Records from a data source
#####

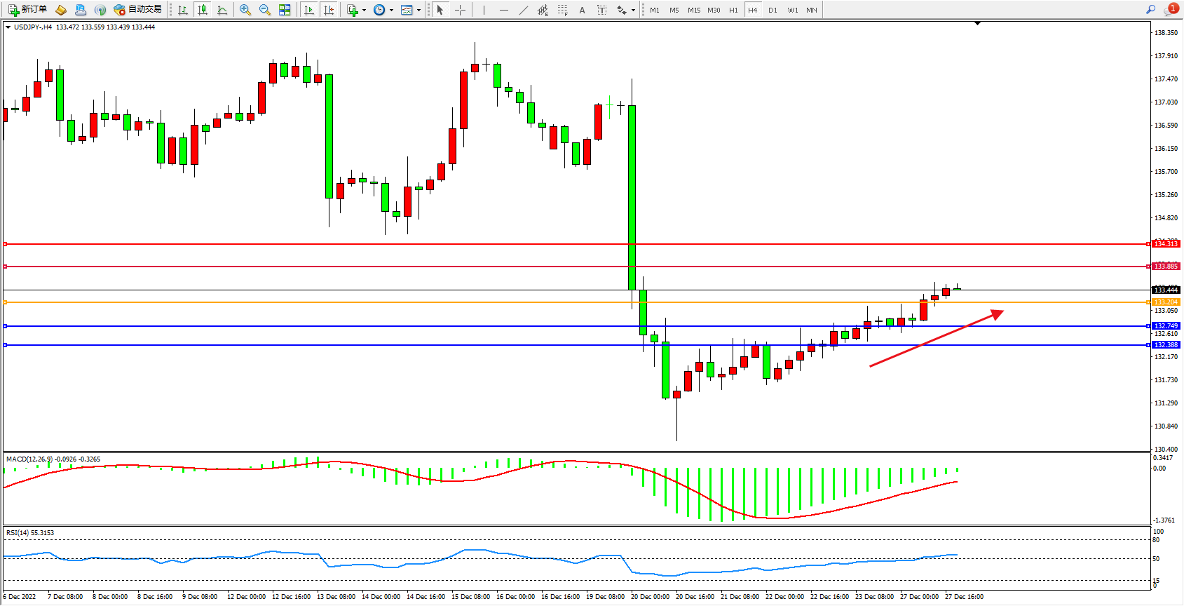 美元兑日圆维持133.444附近震荡,日本央行意外调整长期利率上限一直引起市场的密切关注,市场一度视之为日本政策收紧的先兆。此次超预期调整政策,具有强烈的稳定市场的“自救”意味;其次有利于缓解日本国债流动性问题。
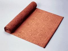 繻子織に金糸で柄を織り出す珍しい技法によって西洋風な双頭の鷲などを表しているが、菊や鳳凰などの模様があることから中国製といえる。当時マカオでポルトガル製品の写しを中国人に織らせることがあったという。初代藩主鍋島勝茂が長崎からの輸入品を入手した未使用品で、約10mもある。
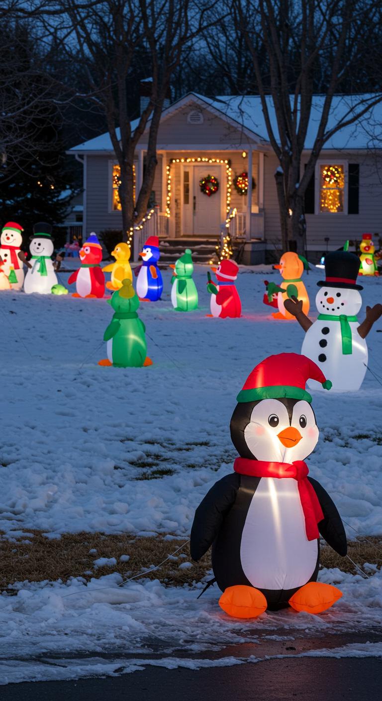 Inflatable holiday animals are a fun way to bring life to your yard. From jovial snowmen to playful penguins, these decorations are easy to set up and provide a cheerful focal point.
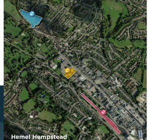 - Below is an image showing DIP’s three ‘priority’ sites for affordable housing – Cherry Bounce in blue, Civic Centre site in yellow, and Water Gardens in red
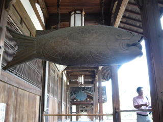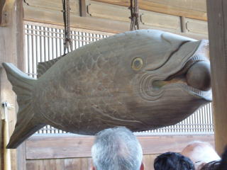 | 今日は定年退職者の行事で萬福寺へ行きました、寺院見学と法話を聞き普茶料理(黄檗宗の開祖隠元禅師が中国から伝えた精進料理)を味わいました。ここには30数年前に長男が1歳頃にお参りしました、記憶に残っていたのは、時間を告げる為の開版(魚の形をした木魚のような物です、後の記憶は余りありませんでした。立派な寺院で見ごたえが有りました。 |
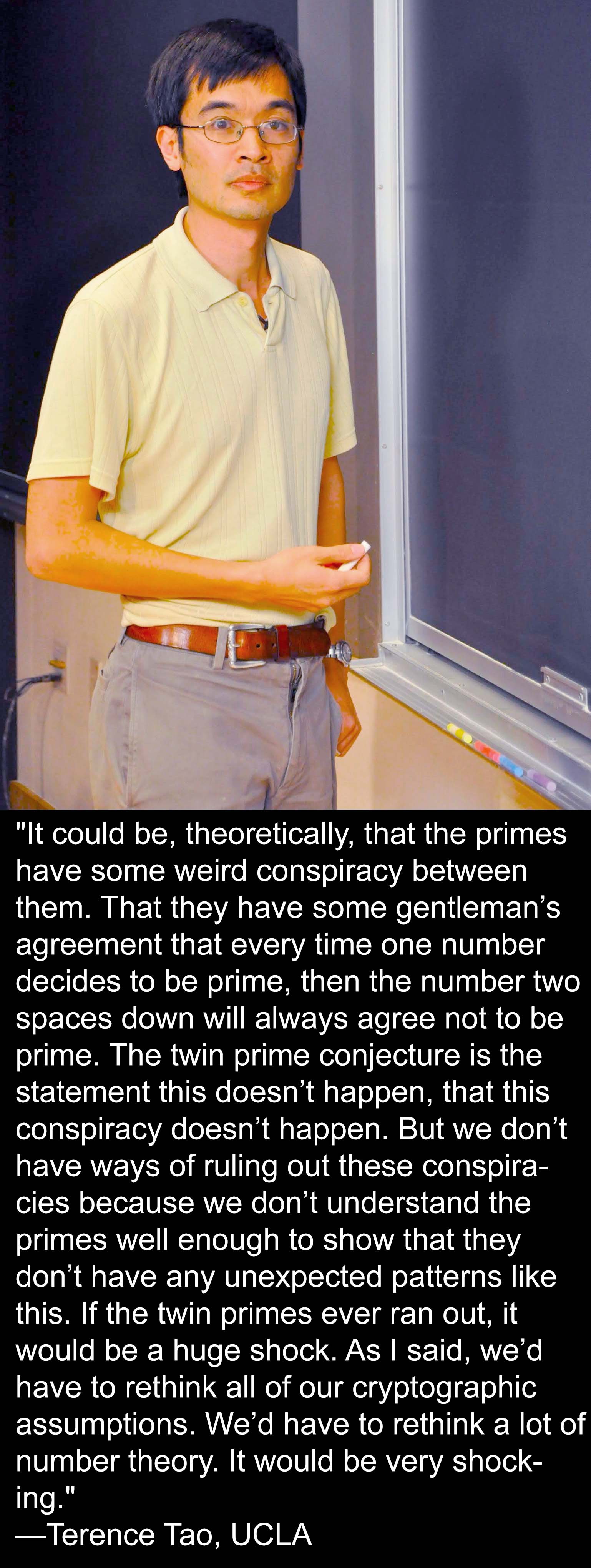 In November 2013, an interview was filmed with Terry Tao, known as one of the greatest mathematicians of our time, who had helped to organize a collaborative Polymath project to reduce the number in Zhang's proof from 70,000,000.

#####

Problem details: The entries above must be output exactly, with every image left out.

Problem solution:
 美元兑日圆维持133.444附近震荡,日本央行意外调整长期利率上限一直引起市场的密切关注,市场一度视之为日本政策收紧的先兆。此次超预期调整政策,具有强烈的稳定市场的“自救”意味;其次有利于缓解日本国债流动性问题。
 繻子織に金糸で柄を織り出す珍しい技法によって西洋風な双頭の鷲などを表しているが、菊や鳳凰などの模様があることから中国製といえる。当時マカオでポルトガル製品の写しを中国人に織らせることがあったという。初代藩主鍋島勝茂が長崎からの輸入品を入手した未使用品で、約10mもある。
 Inflatable holiday animals are a fun way to bring life to your yard. From jovial snowmen to playful penguins, these decorations are easy to set up and provide a cheerful focal point.
 - Below is an image showing DIP’s three ‘priority’ sites for affordable housing – Cherry Bounce in blue, Civic Centre site in yellow, and Water Gardens in red
 | 今日は定年退職者の行事で萬福寺へ行きました、寺院見学と法話を聞き普茶料理(黄檗宗の開祖隠元禅師が中国から伝えた精進料理)を味わいました。ここには30数年前に長男が1歳頃にお参りしました、記憶に残っていたのは、時間を告げる為の開版(魚の形をした木魚のような物です、後の記憶は余りありませんでした。立派な寺院で見ごたえが有りました。 |
 In November 2013, an interview was filmed with Terry Tao, known as one of the greatest mathematicians of our time, who had helped to organize a collaborative Polymath project to reduce the number in Zhang's proof from 70,000,000.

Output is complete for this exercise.